An apparent trial balloon for a higher Wisconsin sales tax is getting a non-committal from Scott Walker’s office, while Democrats slam the idea. Rick Chandler, a member of the Governor-elect’s transition team, says a higher sales tax would let the state reduce the taxes that keep business away – namely, the local property tax and the state income tax. Chandler, a former state budget director, told the Wisconsin Policy Research Institute the state sales tax should be hiked to seven-and-a-half percent from the current five-percent. And he said he was speaking on his own, and not as a member of the Walker team. Walker spokesman Cullen Werwie did not rule out the idea. He said the new governor is committed to cutting taxes, but did not say if Walker is willing to raise one tax with the idea of lowering another. State Democratic Party chairman Mike Tate called the Chandler tax idea quote, “a burden to working families as a payoff to their corporate cronies.” Other critics said a higher sales tax would hurt low-and-middle income people the most – but Chandler says that’s not true, because necessities like food are tax-free.
A circuit judge says “no” to a new trial for an 18-year-old Neenah man who got life in prison for strangling his father. Zach Reid now claims he was quote, “trashed” on marijuana, vodka, and prescription drugs just before he killed his 53-year-old father at their apartment in October of 2008. The defense said during his trial that Reid was completely sober when strangled his father during an argument about his being grounded. He claimed self-defense at the time, saying his father was coming at him with a knife when he responded. He said he panicked, and that was why he dumped his father’s body in a car and left it outside a school in Neenah. Winnebago County Circuit Judge Scott Woldt said Reid has quote, “absolutely zero credibility.”

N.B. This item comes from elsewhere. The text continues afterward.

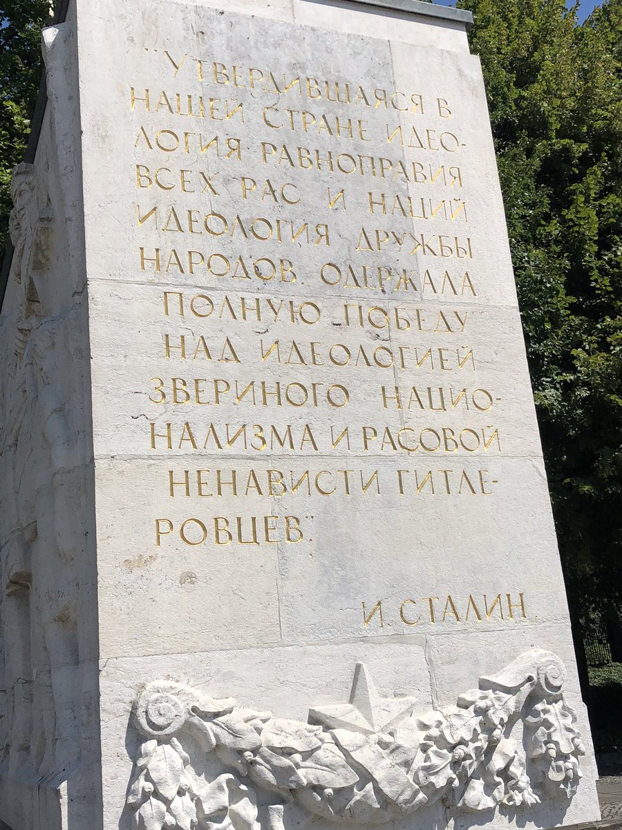В Берлине много памятников, оставшихся со времён ГДР. Многие из них заброшены и раскрашены граффити, но вот памятник советским солдатам, топчущим гигантские свастики, до сих пор как новенький посередине парка. Сегодня мимо проходила и нашла внезапную цитатку на камне. pic.twitter.com/C1LsZtw9eW

Baseball Commissioner Bud Selig was named today as a distinguished lecturer at Marquette University. The former Milwaukee Brewers’ owner has spent the last year lecturing several law school classes on professional sports laws. Today’s announcement makes the arrangement formal. The 76-year-old Selig has been the Major League’s CEO since 1992, and he’s currently under contract through 2012. Selig is a Milwaukee native and a UW-Madison graduate, and has had a number of ties to Marquette. Among other things, he’s been on the board of the law school’s National Sports Law Institute since it began 21 years ago.